[Work instruction]: From the listing that follows, output everything exactly except the pictures.

[Exercise data Boundary: Start]

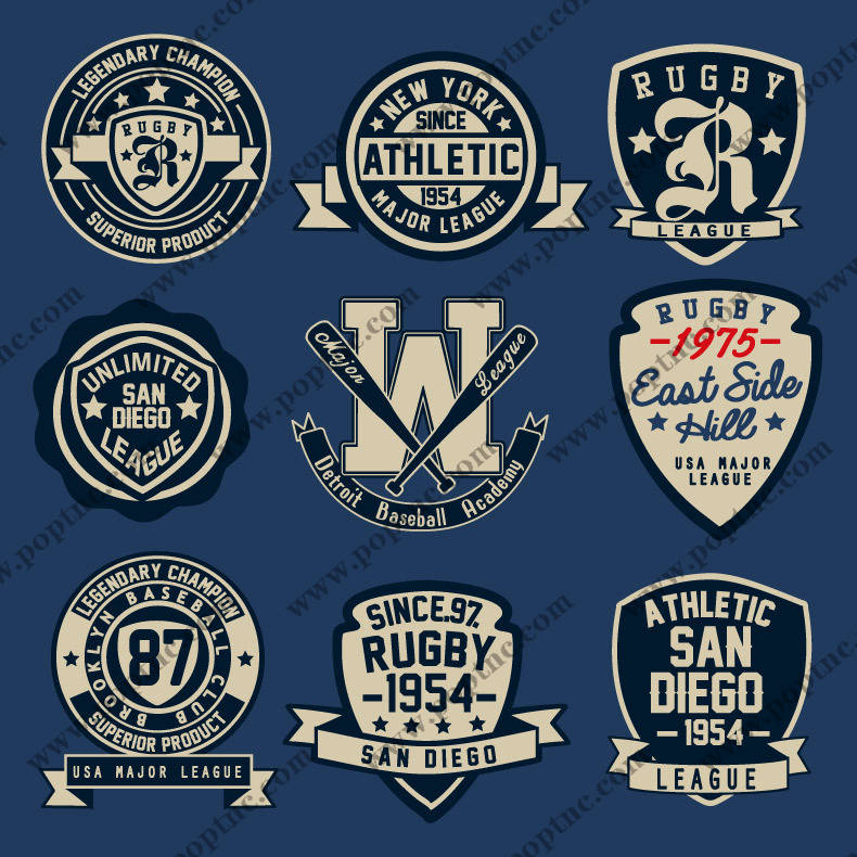 POP花型网 » 服装字母徽章矢量图服装印花设计素材
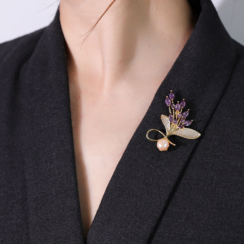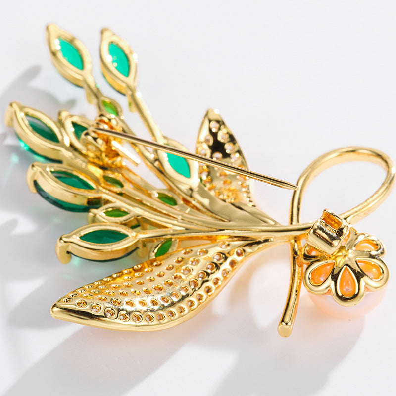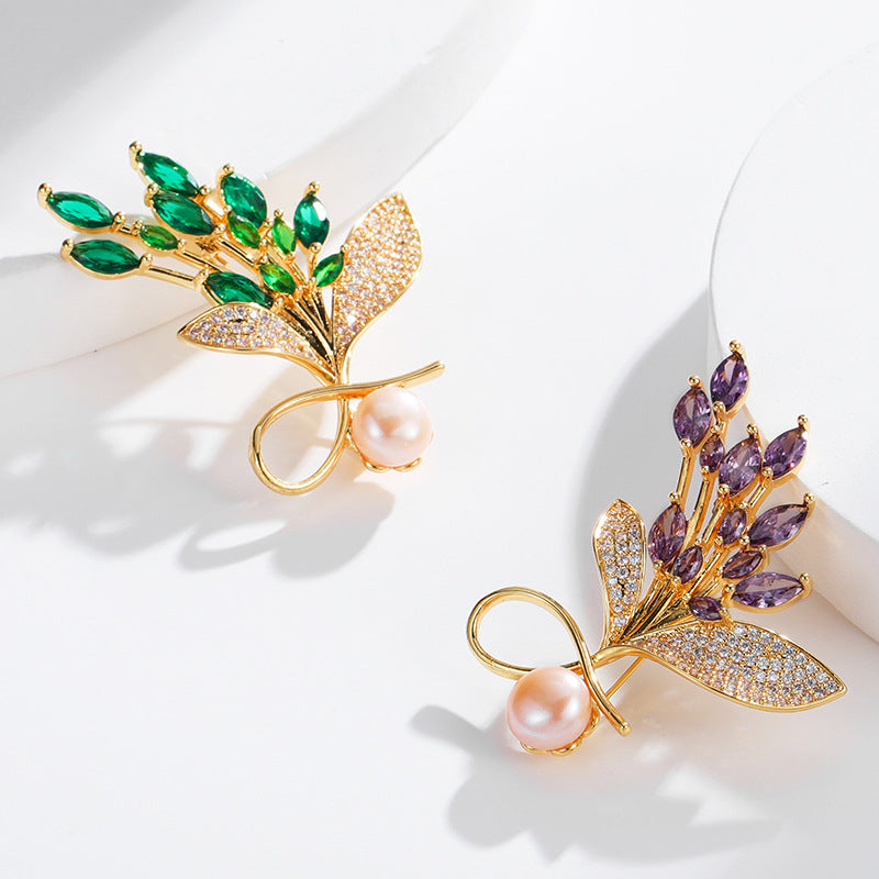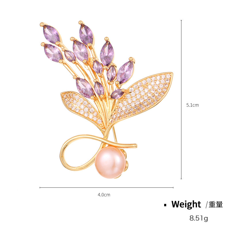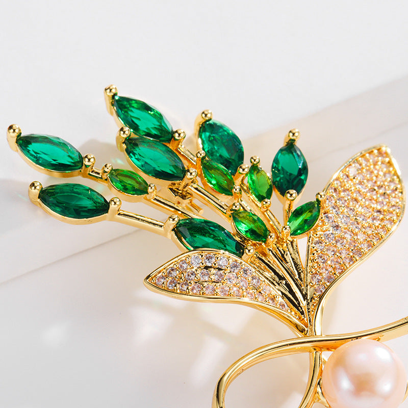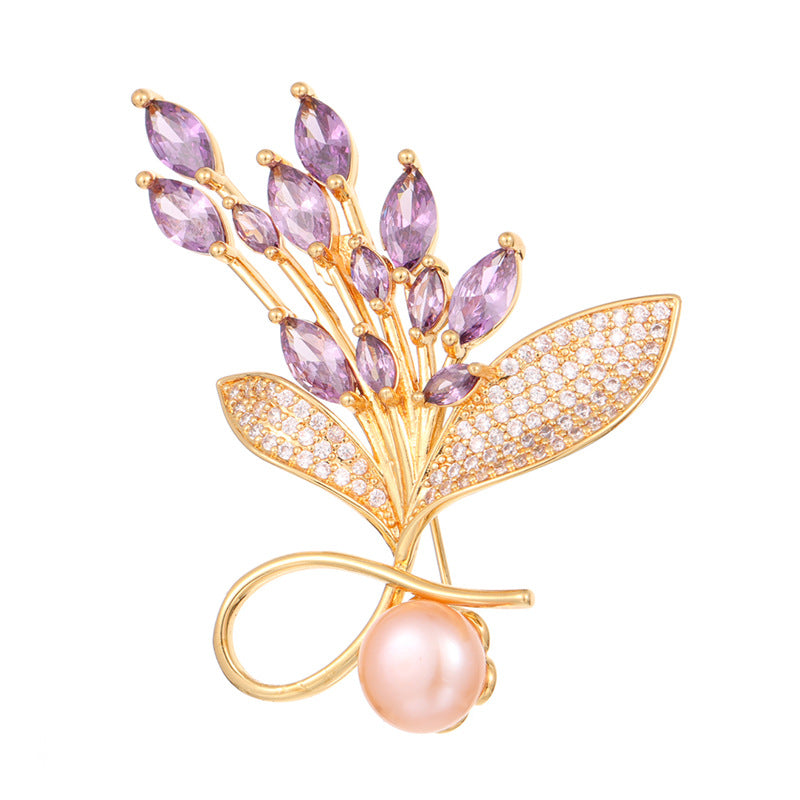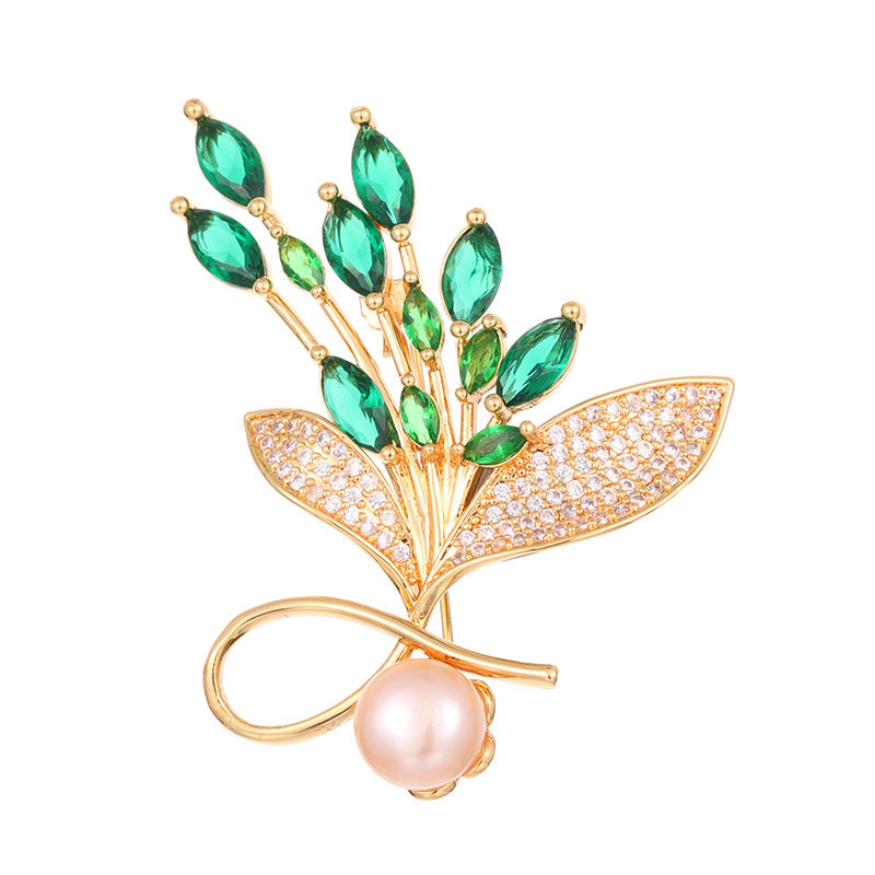 NCC00128銅鑲鋯鍍真金花卉胸針女式韓版氣質淡水珍珠小西服搭配胸花KJ20210812
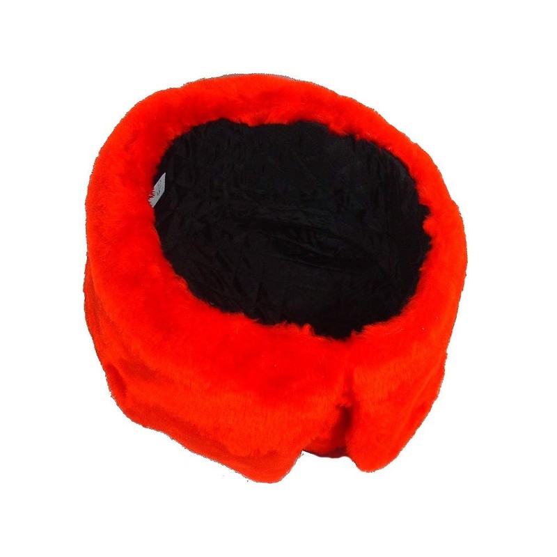 - Faux-fur, inside it has black satin and is well padded. 3 ways to wear. It has flaps on the side and back that come down to cover your neck. It's perfect for men, women, and kids.

[Exercise data Boundary: End]

[Exercise solution]:
 POP花型网 » 服装字母徽章矢量图服装印花设计素材
 NCC00128銅鑲鋯鍍真金花卉胸針女式韓版氣質淡水珍珠小西服搭配胸花KJ20210812
 - Faux-fur, inside it has black satin and is well padded. 3 ways to wear. It has flaps on the side and back that come down to cover your neck. It's perfect for men, women, and kids.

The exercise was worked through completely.